Oil, Gas, and Wind Energy
Industrial sites such as oil rigs, gas plants, and wind farms are often located in remote areas with tenuous connectivity options. Companies that adopt an edge computing architecture move monitoring and analytics capabilities to their assets, making it possible for workers on-site to maintain control and keep machinery up and running even if there’s an interruption to the site’s cellular or internet connection.
When providers are caring for patients in mission-critical situations, speeding up diagnostic and monitoring capabilities can save lives. Edge computing has many potential use cases in healthcare, from powering connected ambulances to allowing hospitals to process data from connected patient monitors onsite, speeding analysis, and eliminating latency. Edge capabilities are also useful in remote patient monitoring, giving IoT sensors the built-in power to process and pre-filter data before transmitting it to a cloud server.
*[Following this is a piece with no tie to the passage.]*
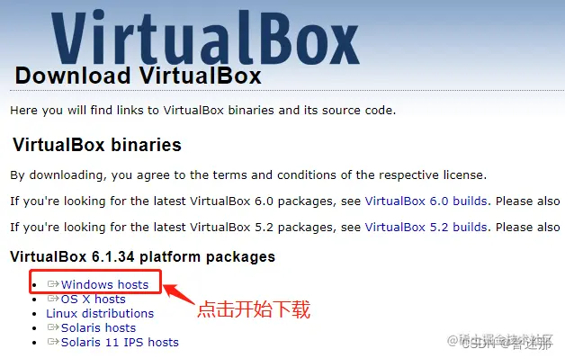 我们就来下载 virtual box6.1,好,我们下载Windows版的,在这儿找Windows

Self-driving cars and trucks depend on local, in-vehicle computers to function, so this sector has been an early adopter of edge computing. To operate safely, autonomous vehicles need to be able to process data from several different onboard sensors in real-time so their AI engines can make split-second decisions. Having a powerful onboard computer allows them to keep working even when the car ventures into areas without reliable wireless connectivity.
Smart Buildings and Smart Homes
Smart building and smart home devices typically rely on cloud-based servers for processing and storage, but backhaul costs and increased latency are often problems. Moving computing power to the edge would reduce response times for voice-based control devices and enable building managers to store data more securely on-premise.
Where do edge and IoT go from here?
As edge capabilities continue to expand, IoT deployments will benefit from the increase in decentralized computing architectures. In many use cases, IoT data collected at the edge will stay at the edge—to be analyzed and acted upon in real-time. There will still be a place for cloud servers, but in the future, edge architecture will be able to bear the lion’s share of IoT data processing.